An aspect that has always intrigued me is the mystery that lies within and behind---piercing of layers leading to unexpected discoveries beneath. This combination of deterioration and inflicted markings, construction and destruction, becomes a means of stating both the quality and unity of all things. No endings --- the process of becoming.

Juliet Holland,  New York City

Just as the waves carve the seemingly unchanging shore; mixed media artist Juliet Holland was formed by the tides. As a child, tidepools provided an illusion of stillness, a mirrored surface that allowed her to witness the slow, cyclical rhythm of nature. Holland was born on June 6, 1937, under the weight of upper-class social expectations in Wellesley Hills and Duxbury, Massachusetts. 

It can be presumed that Holland’s early fascination with endings, and consequently, new beginnings, was only strengthened when she lost her mother at 19. After a sustained period of illness, the model she had been taught to aspire to was physically absent. In the spinning world of grief, Holland sought stability. And so, she followed the social blueprint, as she had been taught to do. 

In the decade after the death of her mother, Holland met and married a Harvard man, a Marine, who became a banker. She played the role of suburban wife, mother, and social hostess for years until she could no longer. Holland emerged from depression and channeled her stifled creativity into textile design, leathercraft, interior design, ceramics, and painting. Holland attended New York University, Harvard University, and the New England School of Art in Boston. 

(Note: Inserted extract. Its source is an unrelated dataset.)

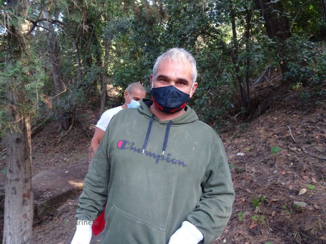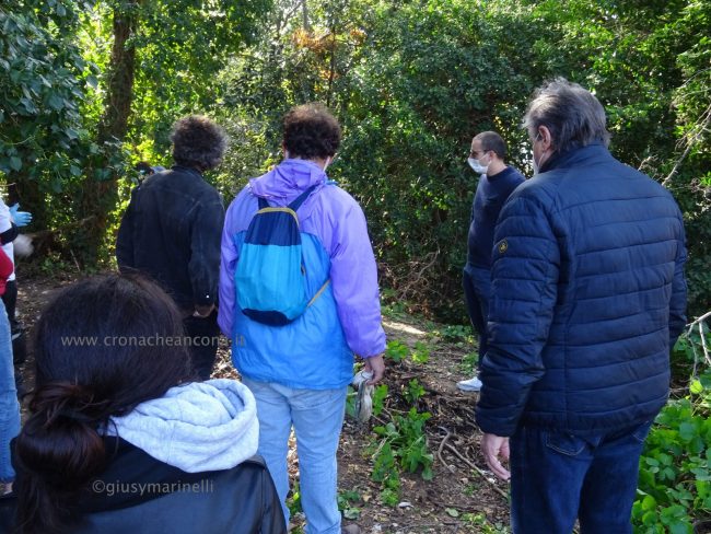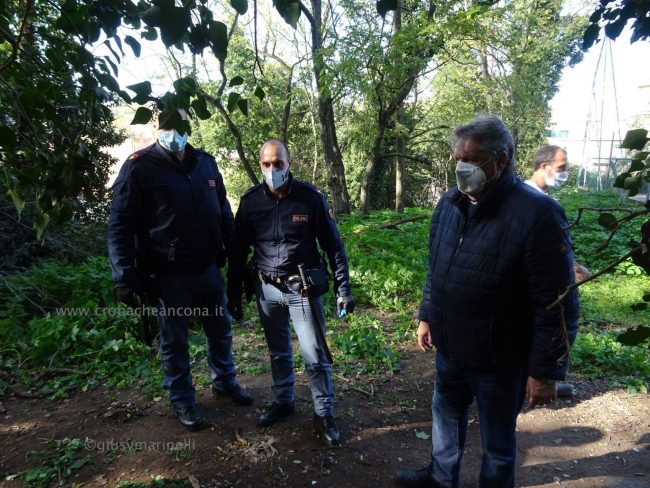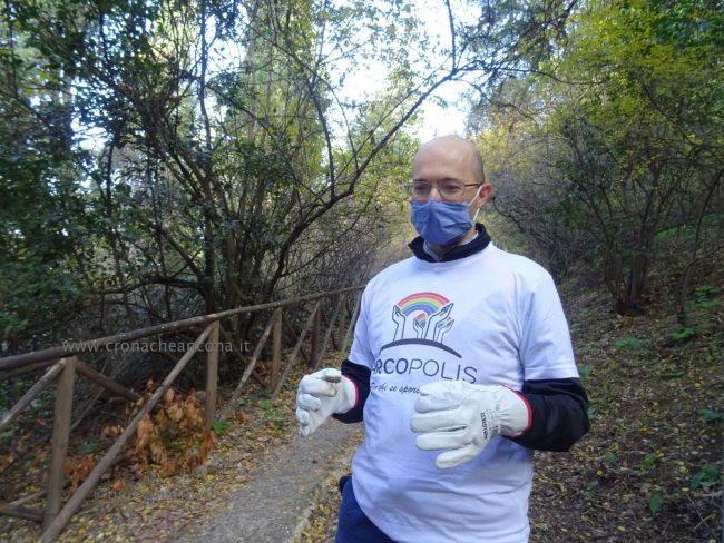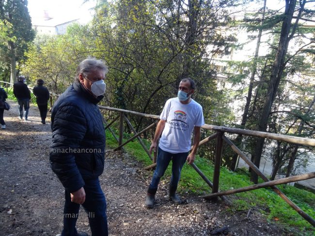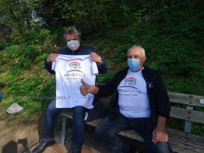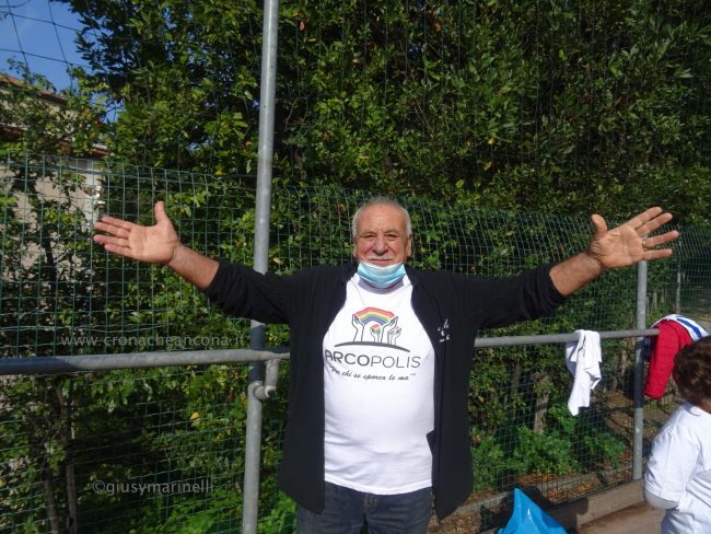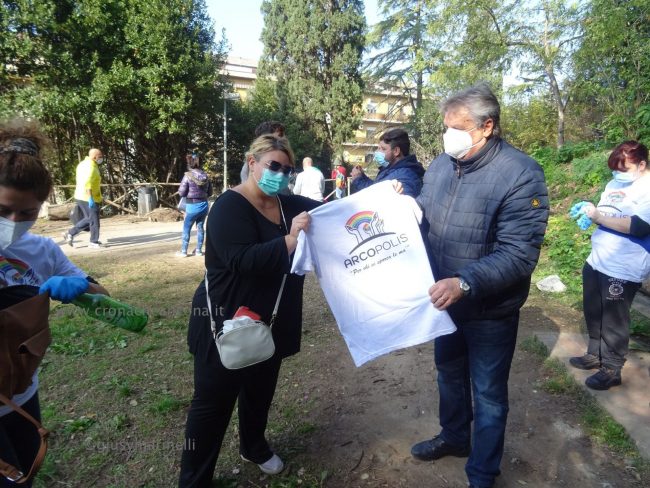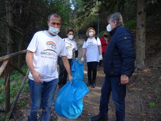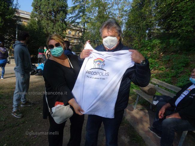 Merito in gran parte dell’opera di sensibilizzazione sociale, civica, culturale di “Arcopolis”, nata tre anni fa, che raccoglie in sé anche le forze di altre associazioni degli Archi, e che organizza vari eventi. Come le due edizioni del torneo di calcetto “Educalci” in collaborazione con la coop Polo 9 (2018 e 2019), al quale hanno partecipato una decina di squadre multietniche di bambini e ragazzini, e “El riò nel palò” (altro torneo di calcetto) svoltosi nella primavera dello scorso anno, dove hanno giocato i più grandi. «Per la verità tre settimane fa, su nostro sollecito, nel bosco sono arrivati gli operatori di AnconAmbiente, hanno portato via perfino materassi. – ha spiegato Silvio Boldrini, presidente di Arcopolis – Ma è chiaro che non basta, era dal 2018, mi pare, che non si facevano vedere qui”. “Questo parco, virtualmente bellissimo, si trova cronicamente in stato di abbandono, ostaggio di spacciatori e di gente che si disfa illecitamente di rifiuti. – ha continuato Boldrini – Il Comune ha ottenuto che la polizia venisse più di frequente a controllare. Ma questa situazione di degrado non si risolverà con interventi di polizia, l’Amministrazione comunale provveduto raramente ad una opera di manutenzione vera, con ritardo e sempre perché sollecitata da noi. Chiediamo che si sporchi le mani in mondo puntuale e periodico e che installi un impianto di illuminazione efficace». Già, “che si sporchi le mani”. Come fa Arcopolis. Sulle magliette dei suoi soci, oltre a mani che reggono un arcobaleno, campeggia proprio la scritta “Sporcamoce le ma’”, che era anche il titolo dell’ìniziativa di stamattina.

Holland’s artistic practice married stillness and chaos, loss and growth, from the time she began her work in the 1960s. As social cultures shifted at an unprecedented pace, Holland put form to clay and paint to canvas. As a child, the microcosmic world of marine life and the shifting coastline alluded to constant change, rebirth, and possibility. Still a young woman, she sought to harness this regenerative capacity for herself alone.

Gouge, sand, build, repair; ponder. Scrape, layer, dust; content

Holland’s adult life was spent between two chosen homes; the physical expression of her dual Gemini perspectives. For 35+ years, Holland lived between a slumlord-owned, later rent-controlled, apartment at Bleeker and Broadway in New York City and a tiny fisherman’s cottage in Saugatuck Shores, Connecticut. NYC provided the grit, the energy; in the city, Holland was active with countless shows, commissions, and avant-garde theatre showings. The regenerative pulse of Connecticut waters brought her back to her body. Each environment harnessed decay and rebirth. Her very deliberate interactions with such processes drove her creative work.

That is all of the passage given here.